Operation: Bad Boy
Okay Molly – well, I have to admit, it’s going against the grain somewhat but I thought I’d follow your sage advice but acting like a ‘Bad Boy’ to piss my missus off and have great make up sex. I figured that the more ‘bad’ things I do, the better it’ll be so here’s my diabolical plan…
Step 1: Take out ten loans all in her name with various Ukrainian loan sharks by faking her signature.
Step 2: Remortgage house without telling her.
Step 3: Sell off all her highly precious sentimental jewelry that’s been in her family for years
Step 4: Put an ad on autoscout24.ch to sell her car behind her back.
Step 5: Book flight to Vegas to piss all the proceeds from the above away on Blackjack, cocaine and hookers (making sure I go on a date that corresponds with her birthday and our anniversary).
Step 6: Install industrial strength spring-loaded fire doors all over the flat, so the second she opens one, it’ll fly back into her face at 50 kmph (cos all chicks think that’s hot!)

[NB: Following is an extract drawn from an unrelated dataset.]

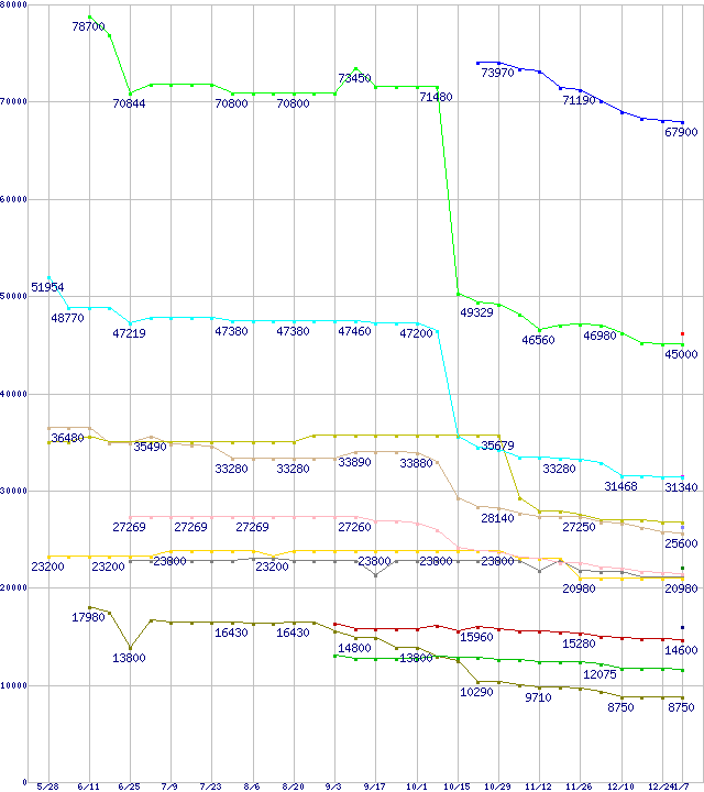 ※点線部は販売店が確認できなかった、または調査データがないことを示します

Step 7: Return when I feel like it to find her choking for it with my new-found ‘bad-boyness’!
Step 8: When confronted say shrug and say, “Female dogs have a tendency towards foolishness!”
Step 9: Ignore step 8 as it was too nice! Should read, “Bitches be crazy!”
Step 10: Ignore Steps 1 to 9 and continue to appreciate just how lucky I am to be married to someone as cool as my wife!